In some cases, your eyelid may appear slightly droopy or inflamed. A doctor can confirm this type by flipping your upper eyelid to check for small raised bumps on the inner surface. Switching to daily disposable lenses or taking a break from contacts altogether is typically part of the treatment.
Sexually Transmitted Infections and Pink Eye
Chlamydia and gonorrhea can both cause conjunctivitis in adults, usually through hand-to-eye transmission after contact with infected genital secretions. Chlamydial conjunctivitis has a distinct pattern: it typically affects one eye, produces a mucus-like discharge, and persists for weeks or even months without improving. If you’ve been using antibiotic eye drops and the infection isn’t clearing up after three weeks, this is one of the possibilities your doctor will consider.
Swollen lymph nodes near the ear on the affected side are common. Left untreated, it can eventually cause clouding and blood vessel growth on the cornea, which threatens your vision.

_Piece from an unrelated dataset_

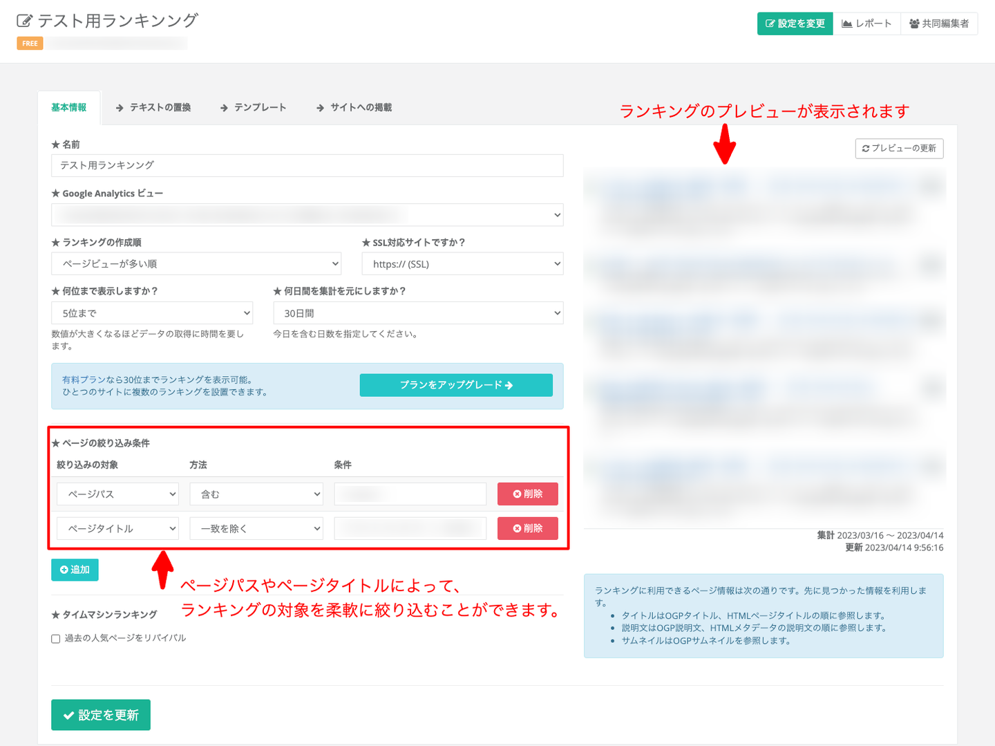 ランキングのテンプレートもカスタマイズすることができるので、とても便利です! 無料版では、ランキングの作成は1つのみでサービスクレジットの表示があるため、必要に応じて有料版をご検討ください。
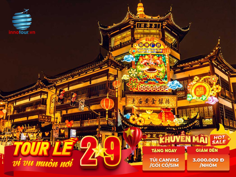 - Khởi hành đi Thượng Hải, tham quan bến Thượng Hải - Nằm bên dòng Hoàng Phố êm đềm, Thượng Hải mang vẻ đẹp nửa hiện đại nửa cổ kính của những công trình kiến trúc. Đến với thành phố Thượng Hải sầm uất người ta không thể không nhắc đến Bến Thượng Hải bởi sức hấp dẫn của nó đối với mỗi du khách khi có dịp đặt chân đến. Ngắm tháp truyền hình Minh Châu Phương Đông (không lên tháp) – một tháp truyền hình cao nhất Châu Á và đứng thứ ba trên thế giới.

This form requires oral antibiotics, not just topical drops, and sexual partners need treatment as well.
How to Tell What Type You Have
A few quick distinctions can help you narrow it down:
- Watery discharge, one eye first: likely viral
- Thick yellow or green discharge, one eye first: likely bacterial
- Intense itching, both eyes, watery discharge: likely allergic
- Persistent symptoms for weeks, not responding to drops: possible STI-related cause
- Blurry vision with stringy mucus, contact lens wearer: possible giant papillary conjunctivitis
Symptoms That Signal Something More Serious
Most pink eye is uncomfortable but harmless. A few symptoms, however, suggest something beyond routine conjunctivitis. Significant eye pain (not just irritation), sudden changes in vision or persistent blurriness, severe light sensitivity, or symptoms that keep getting worse after several days all warrant prompt attention. These can point to conditions like keratitis, uveitis, or acute glaucoma, which require different and more urgent treatment than standard pink eye.
If you wear contact lenses and develop redness with pain, take them out and get evaluated quickly. Contact lens wearers have a higher risk of corneal infections, which can escalate fast if mistaken for simple conjunctivitis.